What to do
With the pictures left aside, write out exactly the lines of the listing below from the line with "Κατασκίνωση της ΓΕΧΑ" to the line with "13. Tag: Orlando.", both included, and only those.

Input material

*** Begin section ***

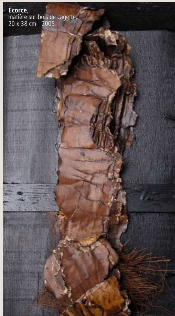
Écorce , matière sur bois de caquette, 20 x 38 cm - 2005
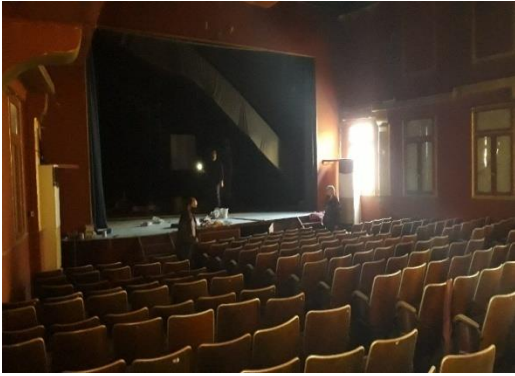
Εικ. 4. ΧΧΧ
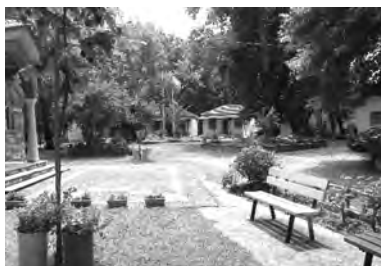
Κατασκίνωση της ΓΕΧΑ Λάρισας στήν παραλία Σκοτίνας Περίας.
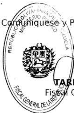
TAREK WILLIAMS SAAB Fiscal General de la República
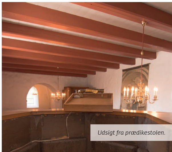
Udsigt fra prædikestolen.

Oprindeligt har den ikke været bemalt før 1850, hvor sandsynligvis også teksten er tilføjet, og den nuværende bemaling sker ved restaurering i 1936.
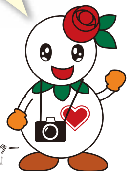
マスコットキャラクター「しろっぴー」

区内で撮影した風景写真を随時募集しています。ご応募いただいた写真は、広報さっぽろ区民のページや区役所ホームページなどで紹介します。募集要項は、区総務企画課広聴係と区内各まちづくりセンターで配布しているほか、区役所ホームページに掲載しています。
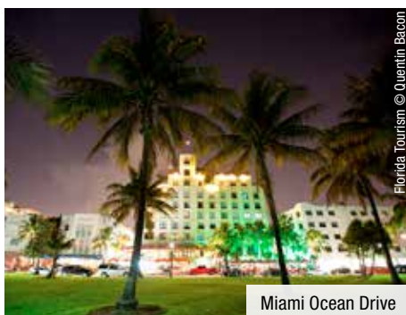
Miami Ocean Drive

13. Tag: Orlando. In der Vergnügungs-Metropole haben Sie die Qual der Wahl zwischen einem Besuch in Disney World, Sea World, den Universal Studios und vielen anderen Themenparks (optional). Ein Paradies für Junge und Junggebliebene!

*** End section ***
*** Begin section ***

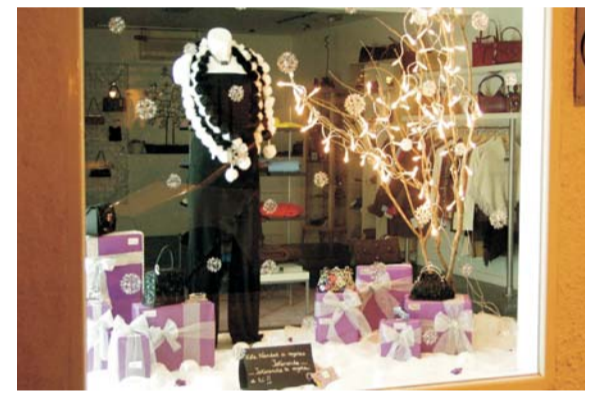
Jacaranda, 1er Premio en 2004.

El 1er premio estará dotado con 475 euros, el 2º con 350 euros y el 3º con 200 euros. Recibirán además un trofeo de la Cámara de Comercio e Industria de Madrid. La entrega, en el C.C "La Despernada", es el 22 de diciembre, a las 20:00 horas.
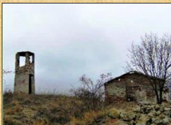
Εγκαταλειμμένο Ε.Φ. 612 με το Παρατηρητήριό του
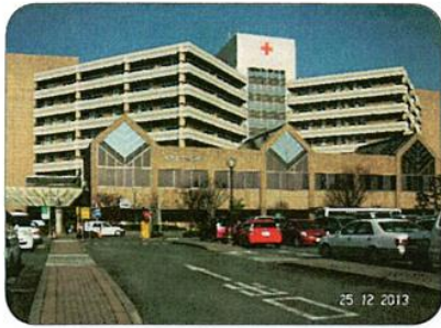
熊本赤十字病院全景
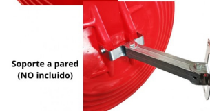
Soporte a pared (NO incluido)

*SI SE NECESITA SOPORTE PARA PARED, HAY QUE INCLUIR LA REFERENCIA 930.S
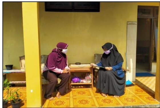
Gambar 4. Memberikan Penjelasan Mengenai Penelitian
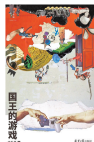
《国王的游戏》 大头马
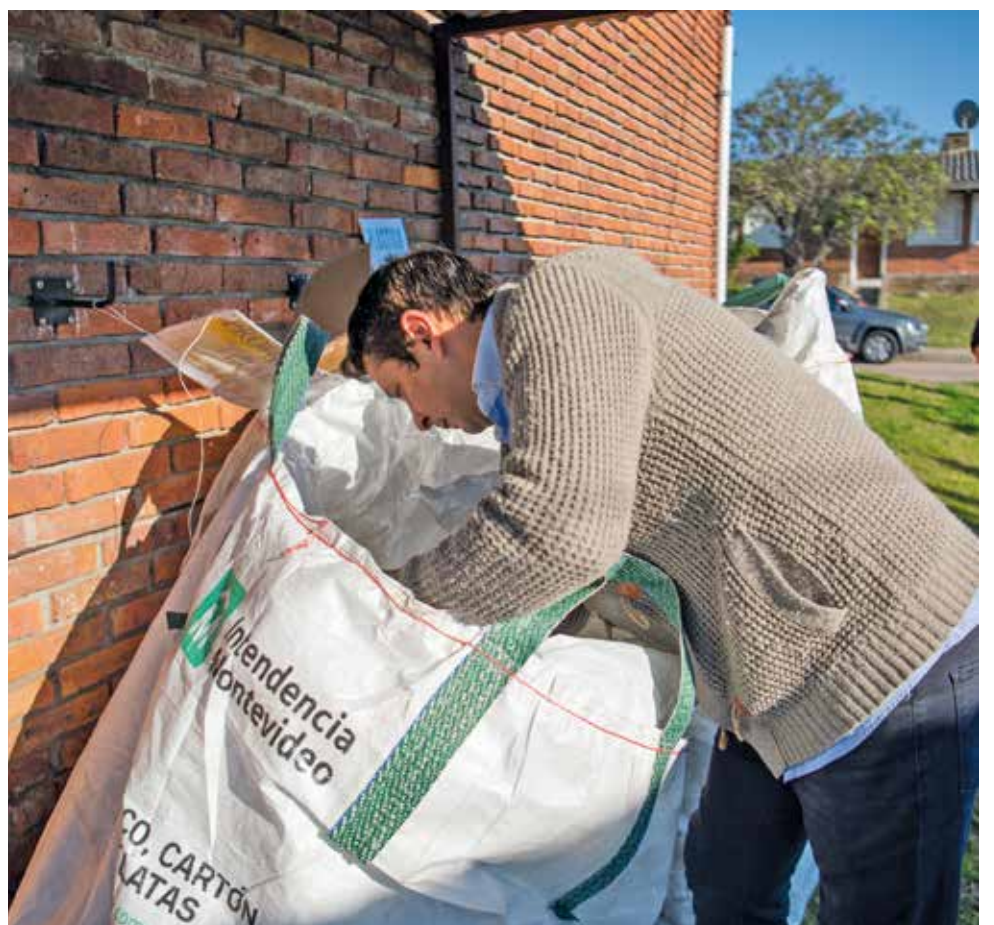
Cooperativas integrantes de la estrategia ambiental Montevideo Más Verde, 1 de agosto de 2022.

*** End section ***

Exercise solution
Κατασκίνωση της ΓΕΧΑ Λάρισας στήν παραλία Σκοτίνας Περίας.
TAREK WILLIAMS SAAB Fiscal General de la República
Udsigt fra prædikestolen.

Oprindeligt har den ikke været bemalt før 1850, hvor sandsynligvis også teksten er tilføjet, og den nuværende bemaling sker ved restaurering i 1936.
マスコットキャラクター「しろっぴー」

区内で撮影した風景写真を随時募集しています。ご応募いただいた写真は、広報さっぽろ区民のページや区役所ホームページなどで紹介します。募集要項は、区総務企画課広聴係と区内各まちづくりセンターで配布しているほか、区役所ホームページに掲載しています。
Miami Ocean Drive

13. Tag: Orlando. In der Vergnügungs-Metropole haben Sie die Qual der Wahl zwischen einem Besuch in Disney World, Sea World, den Universal Studios und vielen anderen Themenparks (optional). Ein Paradies für Junge und Junggebliebene!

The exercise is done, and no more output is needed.